From the beginning, the Institute’s research efforts have been informed by work in such core fields as policy studies, management, history, economics, political science, and sociology. This tradition distinguishes the Institute from other higher-education programs more centered around the fields of education and psychology. IHE’s expansive disciplinary “toolkit” is employed toward building greater understanding of colleges and universities and greater effectiveness, efficiency, and equity in their operations. As a result, research here often brings novel disciplinary perspectives to familiar educational concerns.

Perhaps no educational concern is more important than student access, choice, success, and attainment. This past year has brought wide-ranging work examining these student-level issues. Professor González Canché is employing advanced methods from geography, statistics, and information sciences to study college attendance patterns. Professor Toutkoushian has studied the realities of the returns to college attendance as well as the costs and effects of early-college enrollment policies. Professors Ness and Hearn’s new grant to examine college-completion patterns and related policies across several states will employ theories and ideas from political science and policy studies. Professor Webber has studied the influences of programs providing undergraduate students with research opportunities. Professor Morris coordinates a multi-site program providing college planning and counseling services to high-school students across the state of Georgia. And, importantly, the Institute houses the state Board of Regents’ annual awards program for institutions offering effective incentives to spur students toward obtaining their college degrees. Often, Institute research and service efforts involve multidisciplinary teams: for example, several of our faculty have worked with College of Education faculty to blend developmental and social-scientific perspectives in studies of student achievement and attainment.

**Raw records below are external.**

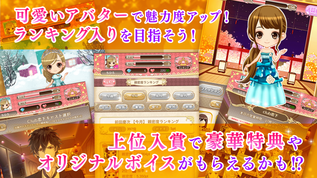 本作の魅力は、何といってもその斬新な設定と、歴史上の人物たちがホストとして生きる姿のギャップ、そして彼らとの間に芽生える心ときめく恋愛ストーリーです。美麗なイラストと豪華声優陣によるフルボイスが、物語の没入感を高め、プレイヤーを「戦国」の世界へと引き込みます。また、恋愛要素だけでなく、ホストクラブの経営要素や着せ替え、スチルコレクションといった豊富なやり込み要素も、飽きずに長く楽しめるポイントです。
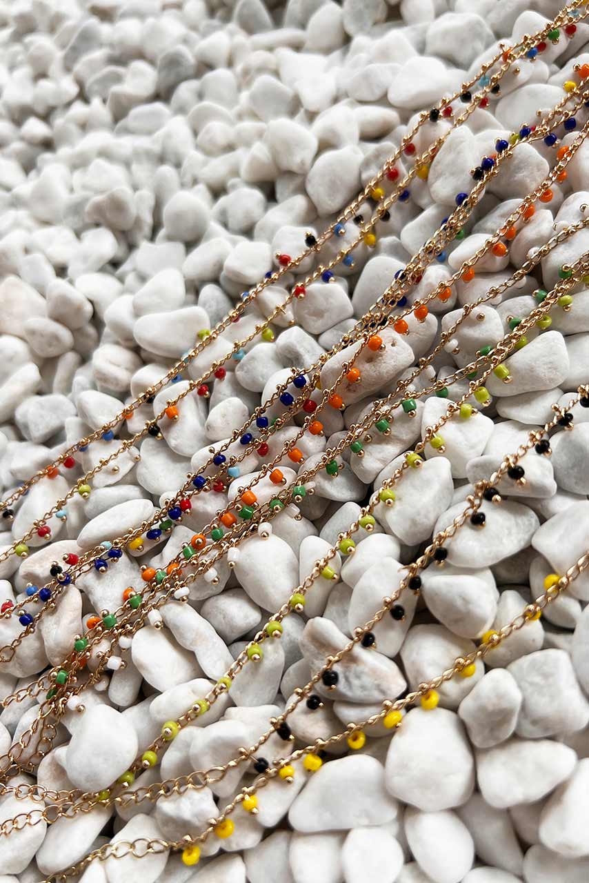 Αν και μπορείς να τη φορέσεις όλο το χρόνο, η ιδανική εποχή είναι το καλοκαίρι! Αλυσίδα ποδιού σε χρυσό χρώμα με χάντρες και κούμπωμα παπαγαλάκι.
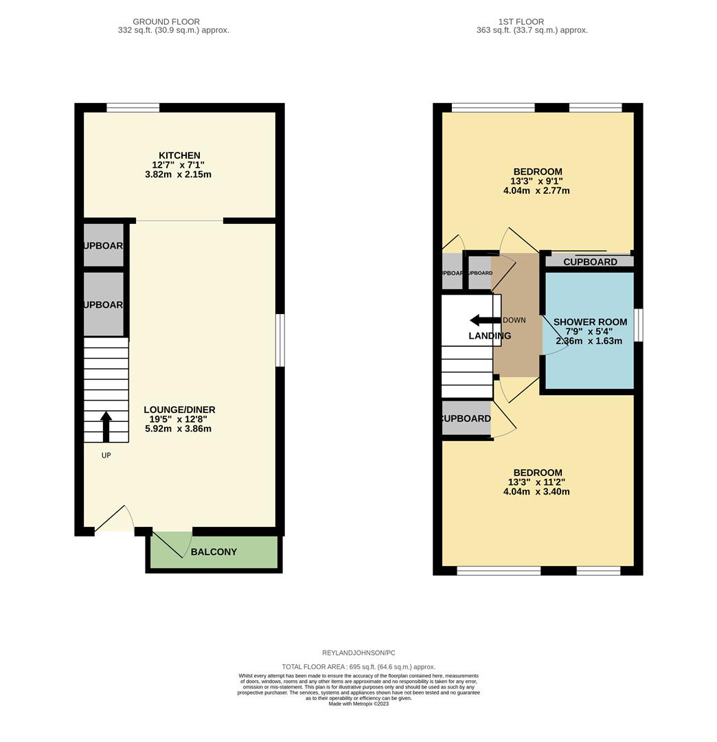 A two bedroom end of terrace split-level maisonette with a balcony and garage en-bloc. The property comprises an entrance hall leading to an open plan lounge/diner/ kitchen with a range of modern fitted wall & base level units and some integrated appliances, landing, two double bedrooms and a modern shower room. Park Court is a private development located in central Harlow with the town park, Princess Alexandra Hospital, Harlow town shopping centre and train station all located just a short walk away. Lease: 937 years remaining, Service Charge: £95.00 per month.

Through such disparate projects, research in the Institute considers policy-significant concerns from varied angles. Each Institute faculty member has distinctive disciplinary and methodological expertise, but we work hard to look beyond those boundaries, maintaining open minds about new ideas to examine and new connections to be made. The overview below of some recent and ongoing IHE research makes that pattern clear.

Professor Tim Cain’s work focuses on historical labor-force issues relating to faculty and graduate-students. He is currently completing a book examining union history in higher education from the first AFT local on a college campus in 1918 to the 1980 Yeshiva decision, which severely limited unions at private colleges. His historical research also has led to recently published journal articles on faculty unionization at Howard University and on the American Federation of Teachers in the years before World War II.  In other work, he has recently produced a journal article on college student presses in the era between the World Wars and has a forthcoming book chapter on anti-communist efforts affecting U.S. education in the first half of the twentieth century. Professor Cain has also been working with the National Institute for Learning Outcomes Assessment as part of a team surveying provosts on assessment practices on their college campuses.

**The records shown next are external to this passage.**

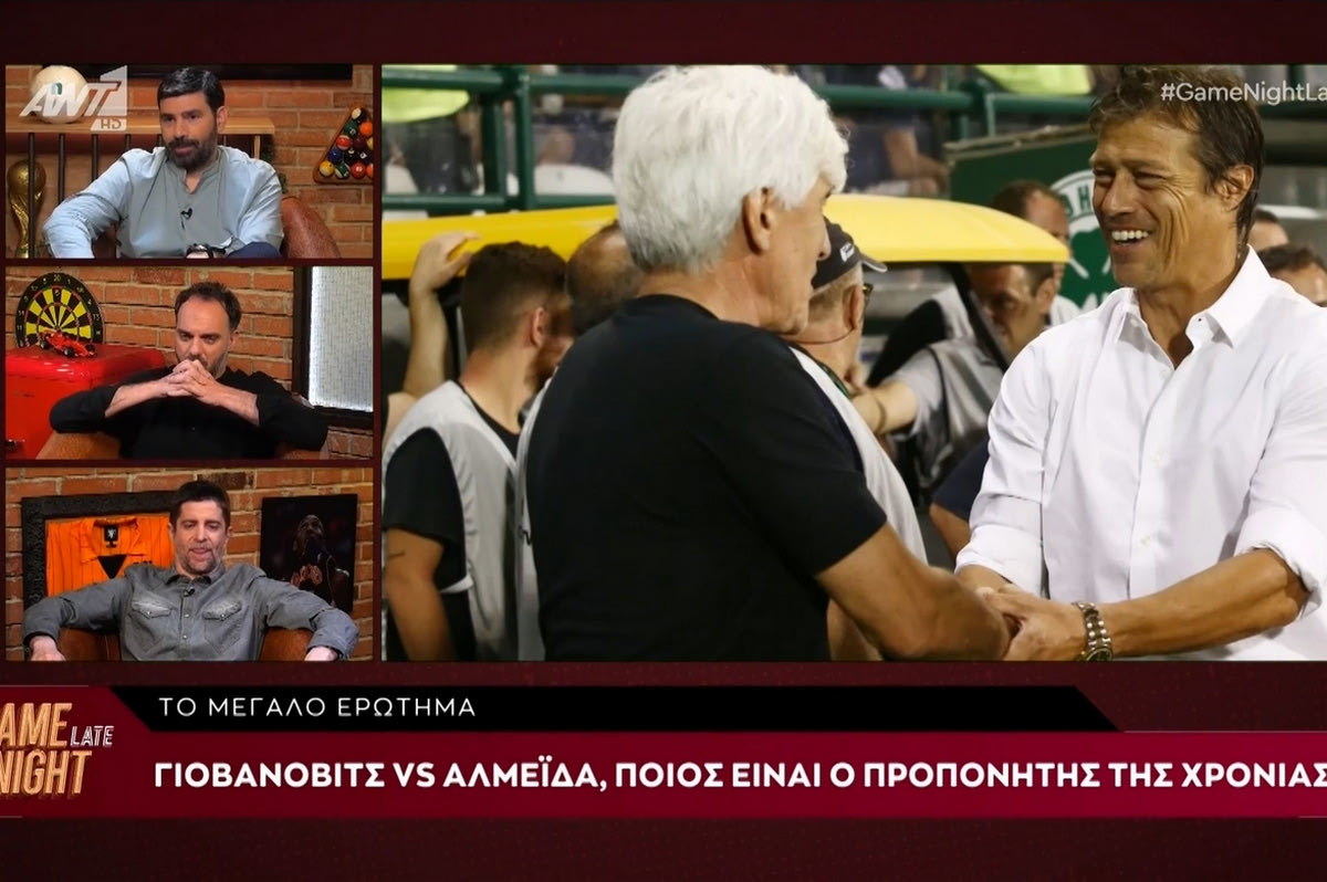 Παντελής Βλαχόπουλος, Θέμης Καίσαρης και Παντελής Διαμαντόπουλος σχολίασαν στην Game Night Late του ΑΝΤ1 ποιος είναι ο καλύτερος προπονητής της χρονιάς, ο Ιβάν Γιοβάνοβιτς ή ο Ματίας Αλμέιδα.
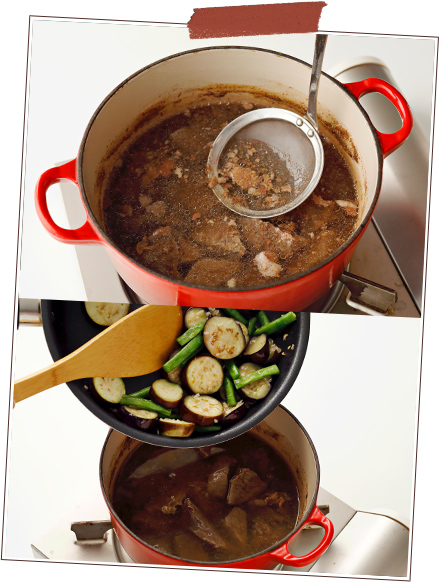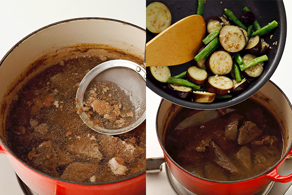 - 鍋に牛肉を入れて〈A〉の材料を加え、強めの中火にかける。煮立ったらアクを取って弱火にし、30~40分煮る。
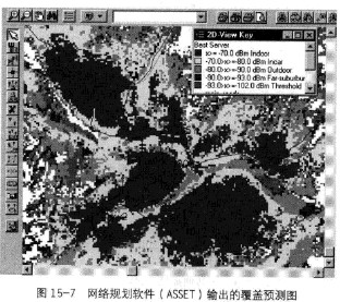 如果在預規(guī)劃中需要給出覆蓋預測圖,可使用Planet,Netplan及ASSET等規(guī)劃工具,選擇合適的電子地圖,確定傳播模型,輸入基站的工程參數,就可以得到基站的覆蓋效果預測圖,如圖15-7所示。它是用網絡規(guī)劃軟件對某地區(qū)GSM系統的覆蓋進行預測的結果,圖中不同顏色代表預測得到的不同接收功率,通過此圖可預測得到網絡在室內外的最佳覆蓋區(qū)域。
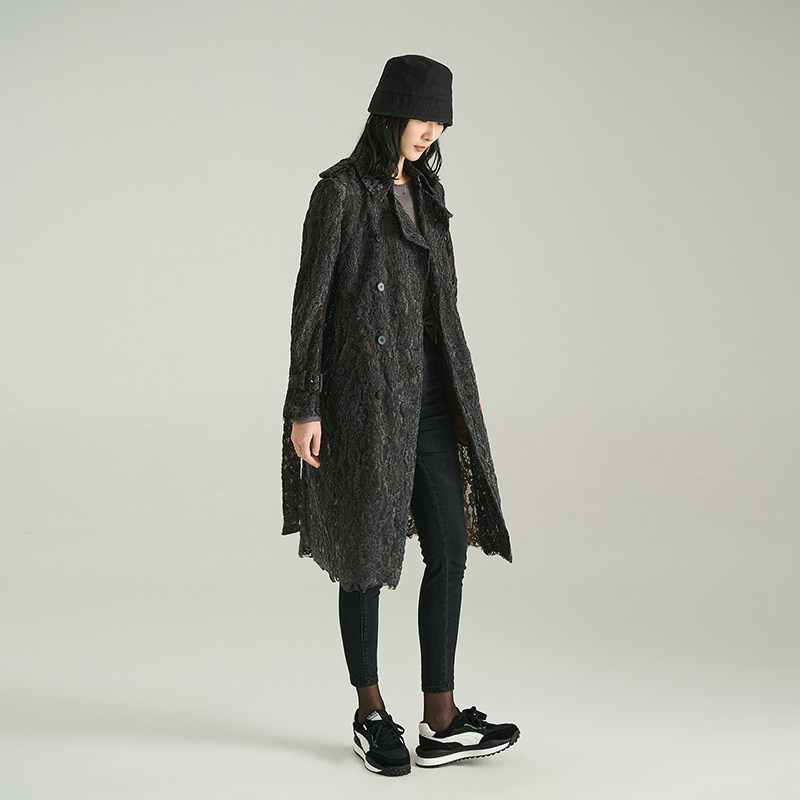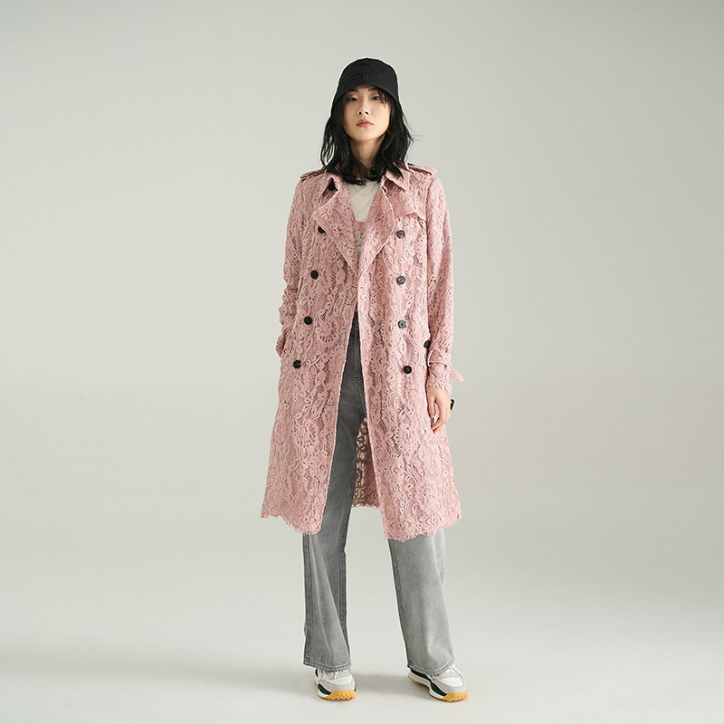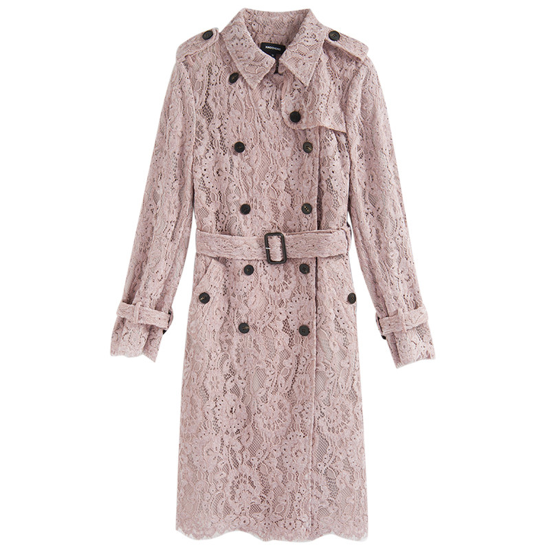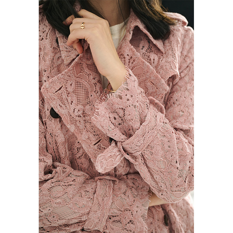 Small worm day * This imported silk suede lace series with long version of wind coat jacket detachable belt Eugen yarn inner lining

Professor Manuel González Canché has pursued a variety of topics in his research, including academic networks, student loan debt, language issues in education, and the utility of geostatistical analysis in studying influences on institutional and student behaviors. In recent journal articles, he has examined the effects of faculty’s academic networks on their loyalty to higher education institutions, the impacts of restrictive language policies in education, and career capital in community colleges. At the annual AERA meeting, Professor Gonzalez participated in a symposium on Latino policy priorities in education and made two research-based presentations, one titled “Enriching traditional college persistence and success frameworks using virtual communities in the two-year sector” and the other titled “Riding the social media wave: Assessing and understanding the tides of technology in relation to college student experiences.” Professor González Canché has been active in grant-supported research. He serves as a consultant on Professor Sheila Slaughter’s recently funded three-year NSF grant, and serves as co-PI on an Institute of Education Sciences grant with UGA College of Education Professor Pedro Portes – that project examines approaches to improving the academic achievements of second-language speakers. In much of his work, Professor González Canché has engaged IHE doctoral students. He has helped secure external funding to support two of them, and has also started a research roundtable to explore with students the empirical effects of AP course-taking in high school on subsequent academic outcomes.

Professor Jim Hearn has continued his research focus on organization, governance, and policy in higher education. For the journal Science and Public Policy, he co-authored with Georgia Tech professor Aaron Levine and recent IHE graduate Austin Lacy an article titled “The origins of human embryonic stem cell policies in the U.S. states.” For a book edited by recent McBee lecturer John Thelin of the University of Kentucky, Professor Hearn contributed a chapter on higher education’s increasing role in reproducing inequality in the society. With recent IHE graduate Jim Morrison, he contributed a chapter to a book on operations research and management science. With Michael McLendon of Southern Methodist University, he contributed a chapter on governance research to Michael Bastedo’s book on higher-education organization. He also produced with IHE graduate student Mary Milan Deupree and Austin Lacy two reports for the publication series of the TIAA-CREF Institute, both focused on the growth of the contingent faculty workforce in U.S. higher education. He made presentations at the annual meeting of the Association for the Study of Higher Education with IHE graduate students Andrew Belasco and Jarrett Warshaw and presentations at the annual meeting of the American Educational Research Association with Lacy and with IHE graduate students Belasco, Deupree, and Kelly Ochs Rosinger. Currently, he has several pieces in press, including a chapter for a new book on college access co-authored with IHE student Anthony Jones, an article with Lacy and Warshaw on the emergence of state research and development tax-credit policies for the Economic Development Quarterly, and an article with McLendon and Lacy on the emergence of state “eminent scholars” programs, to appear in the Journal of Higher Education.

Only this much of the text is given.